**Given information**
Content starts

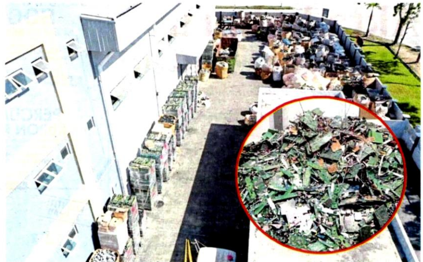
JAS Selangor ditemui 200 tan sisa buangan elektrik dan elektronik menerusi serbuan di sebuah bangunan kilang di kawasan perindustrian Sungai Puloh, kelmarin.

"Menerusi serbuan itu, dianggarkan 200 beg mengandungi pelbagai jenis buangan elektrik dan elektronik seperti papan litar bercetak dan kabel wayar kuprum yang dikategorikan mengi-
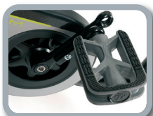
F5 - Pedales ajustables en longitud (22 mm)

Content ends
Content starts

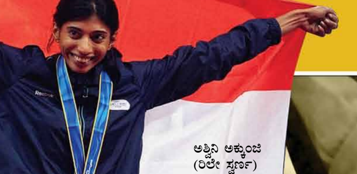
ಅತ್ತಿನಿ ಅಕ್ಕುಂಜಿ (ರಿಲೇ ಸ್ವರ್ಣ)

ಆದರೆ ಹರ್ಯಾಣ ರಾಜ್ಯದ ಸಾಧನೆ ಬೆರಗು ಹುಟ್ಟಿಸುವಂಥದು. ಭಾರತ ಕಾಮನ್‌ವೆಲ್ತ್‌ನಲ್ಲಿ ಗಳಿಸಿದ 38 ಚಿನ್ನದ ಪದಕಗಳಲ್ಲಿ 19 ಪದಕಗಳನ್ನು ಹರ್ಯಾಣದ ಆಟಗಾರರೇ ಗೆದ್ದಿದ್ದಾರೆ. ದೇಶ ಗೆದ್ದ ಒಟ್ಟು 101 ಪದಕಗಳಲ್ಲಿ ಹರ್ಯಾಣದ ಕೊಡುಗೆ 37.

Content ends

**What the task asks**
Throughout the material above, find every line holding "serbuan" and copy it.

**Exercise solution**
JAS Selangor ditemui 200 tan sisa buangan elektrik dan elektronik menerusi serbuan di sebuah bangunan kilang di kawasan perindustrian Sungai Puloh, kelmarin.
"Menerusi serbuan itu, dianggarkan 200 beg mengandungi pelbagai jenis buangan elektrik dan elektronik seperti papan litar bercetak dan kabel wayar kuprum yang dikategorikan mengi-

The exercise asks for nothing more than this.